SEO for non HTMl documents and Metadata

an article added by: Atila M. at 09172008



In: Categories » » SEO » SEO for non HTMl documents and Metadata

There’s no harm in posting documents on your website in non-HTML formats such as Word, Excel, PDF, or PowerPoint. All of these formats are indexed by the major search engines, and sometimes they rank well. However, good old HTML still has the upper hand in search. Non-HTML content can be a turnoff to searchers, for a couple reasons. Other websites might hesitate to link to non-HTML documents because viewing them may disable the “back” button. Also, many searchers will skip over links to non- HTML documents because they don’t want to wait for a separate program to launch and they may not be in the mood for a long download.

  

Nevertheless, non-HTML content can be optimized and serve you well, especially for the long tail of search. For example, while your home page might rank well for “model cars,” your product PDF could have a better chance of faring well for the term “die-cast model car assembly instructions.” Today, you’ll learn a little bit about what makes non-HTML content work on search engines. Then you’ll make any needed changes to your own docs.

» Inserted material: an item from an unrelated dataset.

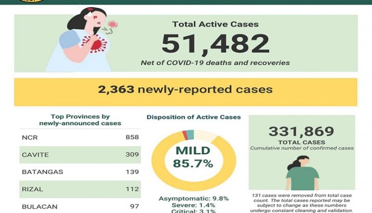 UMAKYAT na sa 331,869 ang kabuuang bilang ng mga kaso ng covid-19 sa bansa matapos makapagtala ang Department of Health (DOH) ng bagong 2,363 infection kahapon, base sa pinakahuling ulat ganap na alas-4 ng hapon nitong Huwebes, Oktubre 8.
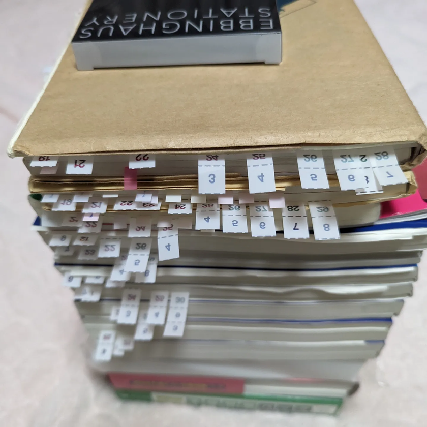 ドイツの心理学者ヘルマン・エビングハウスが発表した、エビングハウスの忘却曲線という「人が学習したことをどのように忘れるか」を示した理論を基に、知ってはいるけど実践できないエビングハウスの忘却曲線を活かした学習法を実践する為の付箋です。

Metadata for Compelling Titles

Search results for non-HTML documents can be downright ugly, because the folks who wrote them never considered how these documents would be presented in the search engines. For example, here is a page of PDF search results.

Look at listings number two and after: trad_frt_p? frt_1_2? What kind of page titles are those? That just isn’t going to cut it in the split-second decision world of search results. Here are possible places that search engines will look for a page title for your document:

• The document title as specified in metadata, which is extra information you write to describe the document (and is stored in a file’s properties but is not visible in the body of the document)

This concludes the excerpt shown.